In both the political and the broader social context, it is a defining trait of a society that adheres to civil conduct—that has chosen to frame its discourse as something other than, and superior to, “a raw struggle for power.”
Civility and civil discourse do not require neutrality, however. In this context neutrality is often misconstrued or misrepresented as being wholly impartial, nonaligned (or nonpartisan), uninvolved, or detached; it is confused with some key attributes of sound reasoning or good critical thinking — intellectual empathy and humility, fair-mindedness, confidence in reason.
You can be a passionate advocate for an idea, a point of view, a policy, or a piece of legislation, and still be a paragon of civility and civil discourse, but if and only if you’re engaged in sound reasoning.
A signal accomplishment of the Enlightenment was the elevation of reason over force. The American experiment is a direct result.
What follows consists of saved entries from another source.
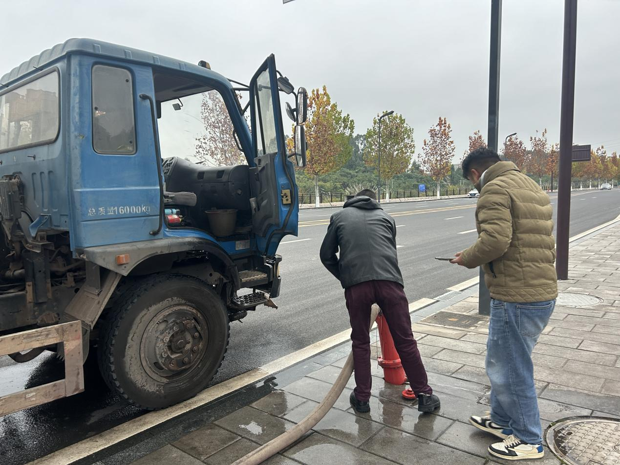 2024年12月5日下午5時許,市水務公司紀檢監察室主任熊月婷和管網運行部經理張羽在結束市國資系統黨務工作者培訓學習返回公司途中,經過棲霞路頤和上院附近時,發現一輛取水車在路邊市政消火栓違規取水,兩人立即上前進行制止并通知公司審計稽查部人員前往現場處置。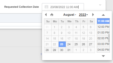 When creating a booking, under the section titled Transit Details, select Requested Collection Date.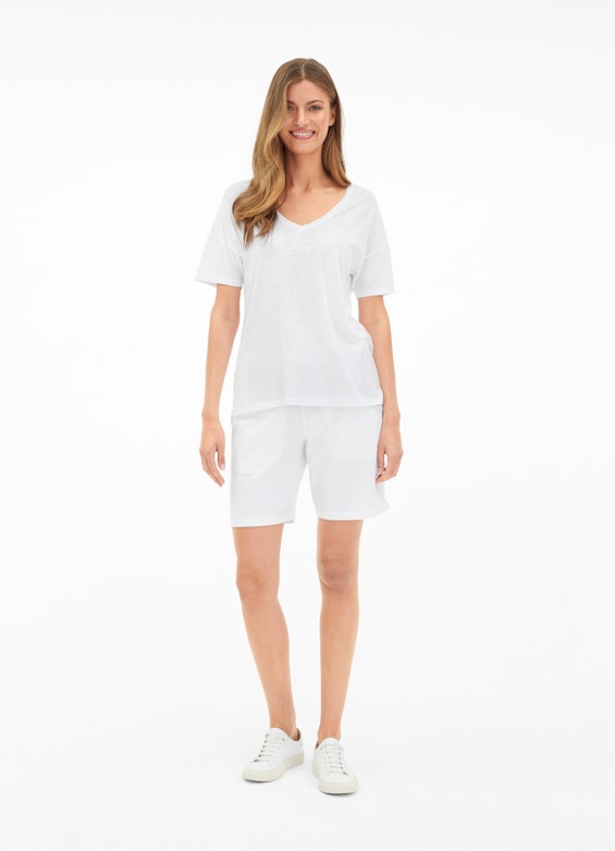Confectionné dans un mélange de coton et de viscose, ce t-shirt blanc séduit par sa matière texturée très chic, facile à superposer, qui va avec tous les looks. L’encolure en V féminine, les épaules tombantes et les fentes d’aisance latérales à la base agrémentent le modèle.
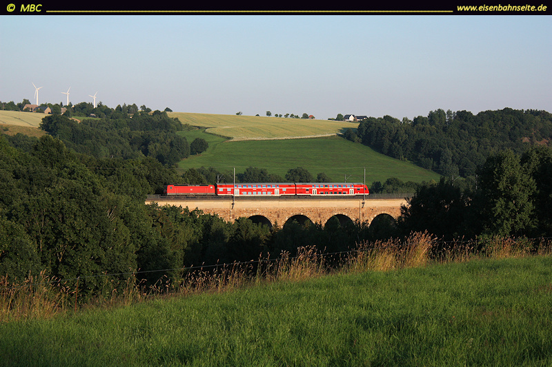 [34] Syrau, der Ort mit der Windmühle, wird von 143 883 und ihren drei Doppeldeckern durchhastet. Beim Wolkenlotto gab es immerhin vier Richtige. (8/2014)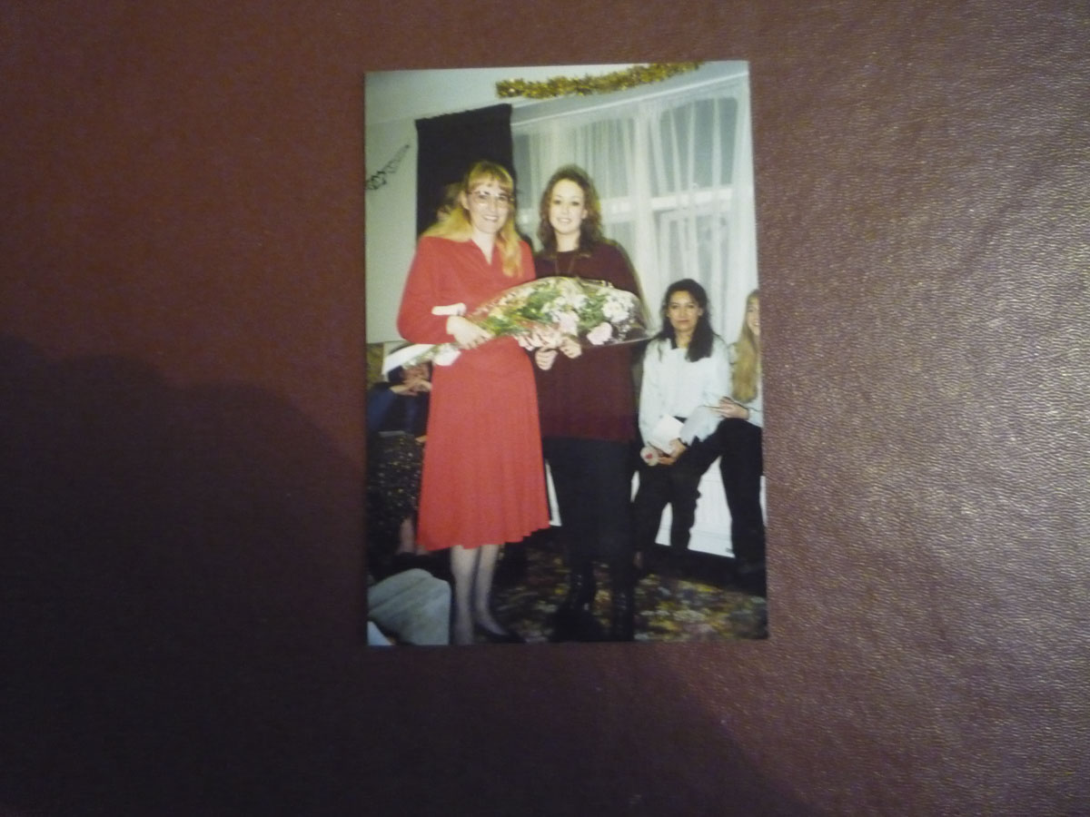 Items relating to Annesley House, c) Photographs of people and events at AH and its predecessors - loose photographs - Sue Dodd with a bouquet and some of the Annesley House Residents

That the efforts of Enlightenment leaders to see this manifest across every intellectual endeavor, especially politics, often failed or were painfully inconsistent when put into practice is not evidence to abandon reason and return to force as the determinant of who achieves or exercises power.
That the United States has often failed at, or been painfully inconsistent in, realizing its ideals as the culmination of Enlightenment political thought is not evidence we should abandon that pursuit.
If we are to reverse the course we are on now, as a nation, a society, we need to reject the cynicism and despair inherent in seeing our political or social institutions as nothing more than places where we engage in “raw struggles for power.”
We must never accept, applaud or embrace winning at all costs, ends justifying means, might making right, as standards for defining norms in political (or social) behavior.